[Data to examine — start]
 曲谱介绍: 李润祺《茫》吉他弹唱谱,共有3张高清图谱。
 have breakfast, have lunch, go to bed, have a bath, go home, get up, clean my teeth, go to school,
[Data to examine — finish]
[Data to examine — start]
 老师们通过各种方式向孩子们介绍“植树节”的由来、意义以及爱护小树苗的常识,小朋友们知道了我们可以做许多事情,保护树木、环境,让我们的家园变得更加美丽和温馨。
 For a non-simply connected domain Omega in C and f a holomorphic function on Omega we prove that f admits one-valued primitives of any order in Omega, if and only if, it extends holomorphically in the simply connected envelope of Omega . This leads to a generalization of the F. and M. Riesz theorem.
[Data to examine — finish]
[Data to examine — start]
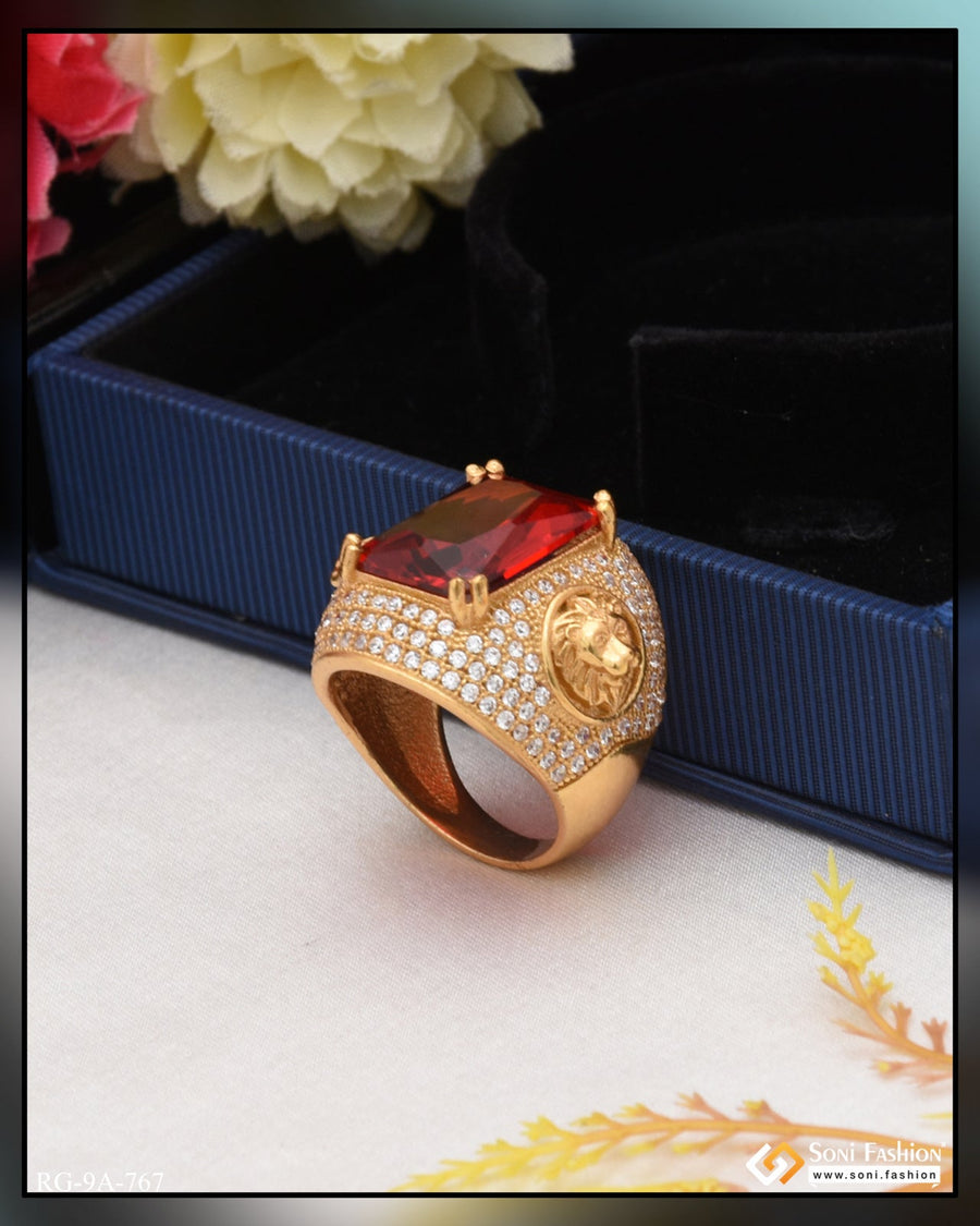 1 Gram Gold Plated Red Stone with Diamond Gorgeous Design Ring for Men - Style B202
[Data to examine — finish]
▶ **Problem statement**: Copy out, exactly and alone, the lines of the entries above between the ones holding "老师们通过各种方式向孩子们介" and "For a non-simply", inclusive.

▶ **Answer to this exercise**:
 老师们通过各种方式向孩子们介绍“植树节”的由来、意义以及爱护小树苗的常识,小朋友们知道了我们可以做许多事情,保护树木、环境,让我们的家园变得更加美丽和温馨。
 For a non-simply connected domain Omega in C and f a holomorphic function on Omega we prove that f admits one-valued primitives of any order in Omega, if and only if, it extends holomorphically in the simply connected envelope of Omega . This leads to a generalization of the F. and M. Riesz theorem.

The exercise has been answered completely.